There are a few things that women endure both for our peace of mind as well as our loved ones peace of mind.


One of these things is a harsh, cold, vice like breast smashing with a strange technician grabbing hand fulls (if you are like all woman in my family you have plenty to grab) of boob with her glacier chilled hands. Otherwise know as a mammogram.

Oh yes that sweet little torture device they use to take a lovely set of perky (stop laughing, stop freaking laughing!!!) double Ds and turn them into book shaped floobs. (Making you have to roll those puppies back up from the floor and stuff them into that over the shoulder boulder holder).

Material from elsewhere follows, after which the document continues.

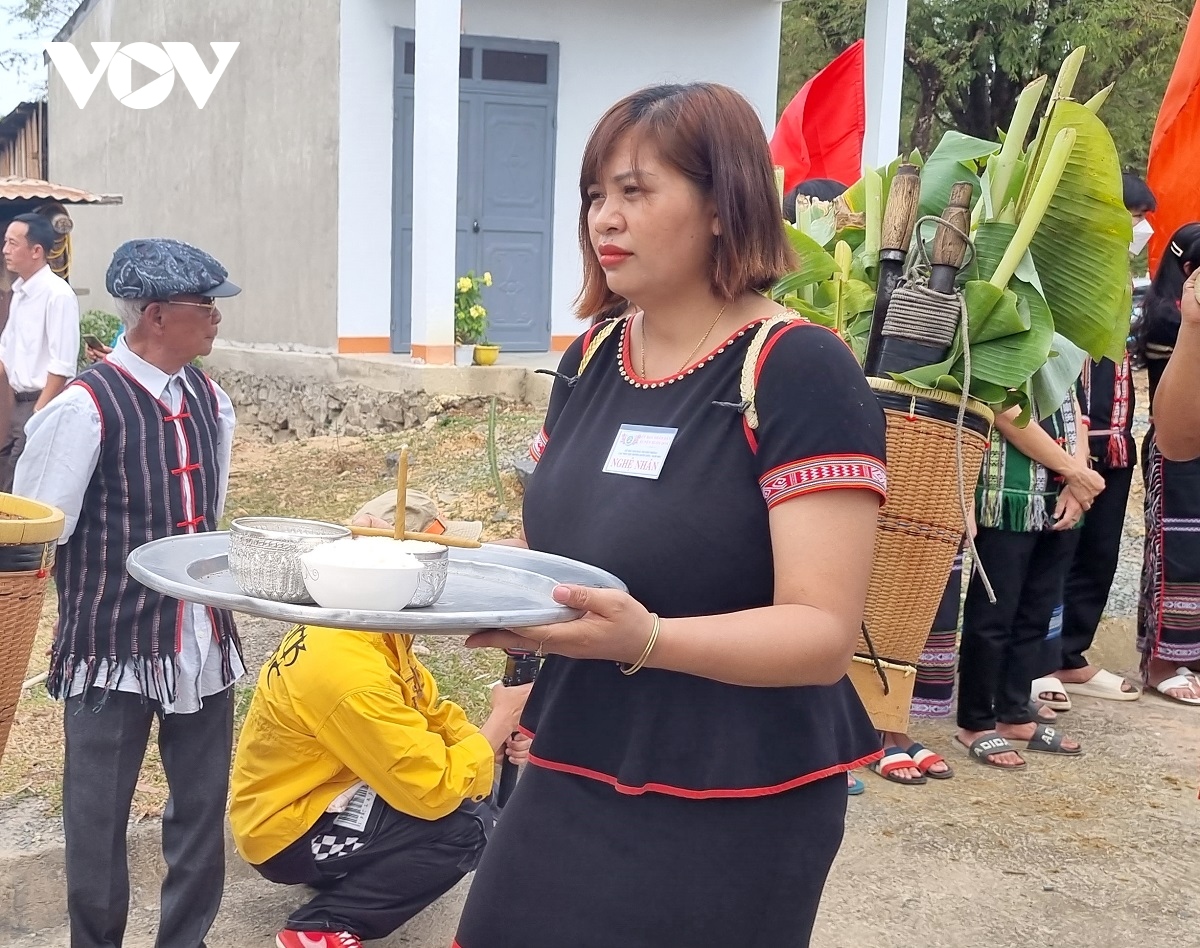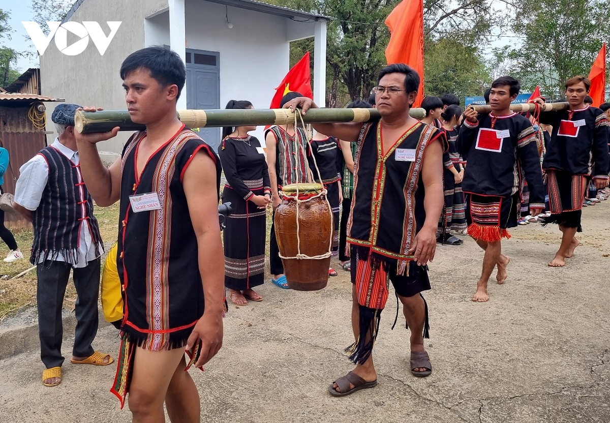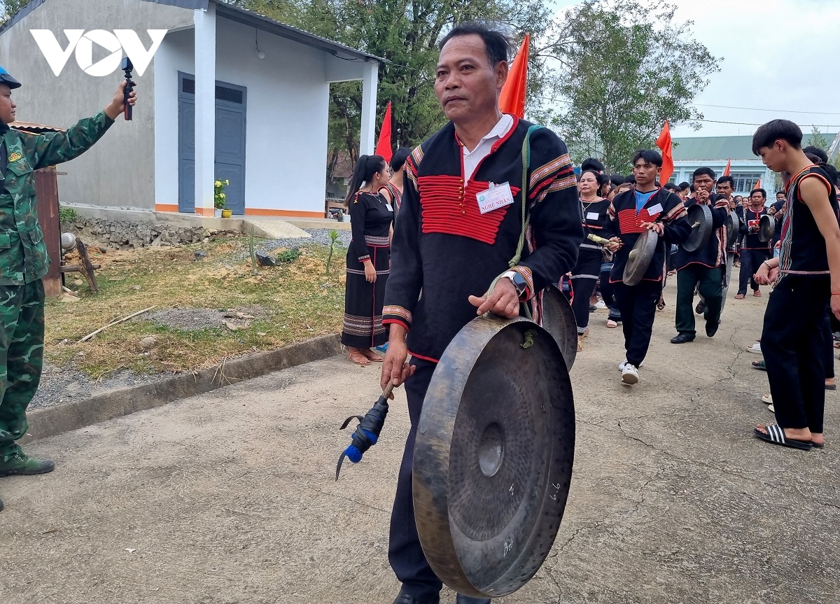 The commence the ceremony, a shaman holding a dried gourd led a group of people carrying the offerings from Don hamlet's communal house. (Photo: H Xiu/VOV) |

And then comes the awkwardness of trying to not look the technician in the eye, as they are trying to manipulate your second base, like they are made like Gumby. In your mind, whether you want to admit it out loud, you think “this chick has now touched your boobs more than your husband has in too freaking long of awhile.” And then she speaks to you, asking about the family. And I think…”No don’t talk to me that makes things wicked awkward!” (Stupid tiny town everyone knows every one else and their mothers). You try not to blush. She then says ” stand really still and hold your breath” and if you are a sarcastic butt like me you make a juvenile remark like “I didn’t know boobs breathed”. Yeah she didn’t get that corny joke either.


She then does the front boob xray and tells you to turn to the side. Oh joy once wasn’t good enough, they have to also get it from the side, while you hold your other boob out of the way. I akin this to Moses parting the sea!

And trust me when I tell you that by then This⬇is how you feel


Because a dude created this (thankfully) but all you can think of is punching that dude in the wiener! And whether you say it aloud….which May have done or not ….you will think it.


By now your opposite boob is thinking… Run dang it, run before that happens to me! But you don’t, you grit your teeth and let the technician do her job and think “this crap should come with a coupon for a free dinner, drinks, cake, movie, popcorn, spa date…..
If you’re smart you call your mate/honey and say “babe this chick totally got all up on 2nd base… And you’re going to buy me dinner for it!!!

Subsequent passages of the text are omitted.